## DATA RECORDS:
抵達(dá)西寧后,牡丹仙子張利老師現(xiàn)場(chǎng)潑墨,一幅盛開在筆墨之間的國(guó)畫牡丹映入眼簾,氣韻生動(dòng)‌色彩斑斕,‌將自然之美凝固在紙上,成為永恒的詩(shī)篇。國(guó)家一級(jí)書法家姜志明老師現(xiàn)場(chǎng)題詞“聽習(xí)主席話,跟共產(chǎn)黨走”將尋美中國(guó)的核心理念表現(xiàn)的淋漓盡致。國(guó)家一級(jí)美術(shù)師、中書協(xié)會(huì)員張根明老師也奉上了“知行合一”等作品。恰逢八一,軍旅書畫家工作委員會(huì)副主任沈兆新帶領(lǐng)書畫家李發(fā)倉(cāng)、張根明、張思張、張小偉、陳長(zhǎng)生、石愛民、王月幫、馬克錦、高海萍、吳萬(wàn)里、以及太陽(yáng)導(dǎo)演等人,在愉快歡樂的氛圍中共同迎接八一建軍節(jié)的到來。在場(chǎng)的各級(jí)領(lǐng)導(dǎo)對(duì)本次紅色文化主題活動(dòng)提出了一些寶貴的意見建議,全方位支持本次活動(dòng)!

==

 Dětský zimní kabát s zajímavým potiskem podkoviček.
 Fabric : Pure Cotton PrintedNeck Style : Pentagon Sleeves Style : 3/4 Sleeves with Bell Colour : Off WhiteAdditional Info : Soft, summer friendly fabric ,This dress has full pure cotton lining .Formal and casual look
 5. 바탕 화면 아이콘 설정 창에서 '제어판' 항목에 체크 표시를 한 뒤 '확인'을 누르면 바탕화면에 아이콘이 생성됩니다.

## WHAT YOU ARE ASKED TO DO:
Return only the stretch of the material above from the line holding "Dětský zimní kabát" through the line holding "5. 바탕 화면 아이콘", copied exactly.

## ANSWER BOX:
 Dětský zimní kabát s zajímavým potiskem podkoviček.
 Fabric : Pure Cotton PrintedNeck Style : Pentagon Sleeves Style : 3/4 Sleeves with Bell Colour : Off WhiteAdditional Info : Soft, summer friendly fabric ,This dress has full pure cotton lining .Formal and casual look
 5. 바탕 화면 아이콘 설정 창에서 '제어판' 항목에 체크 표시를 한 뒤 '확인'을 누르면 바탕화면에 아이콘이 생성됩니다.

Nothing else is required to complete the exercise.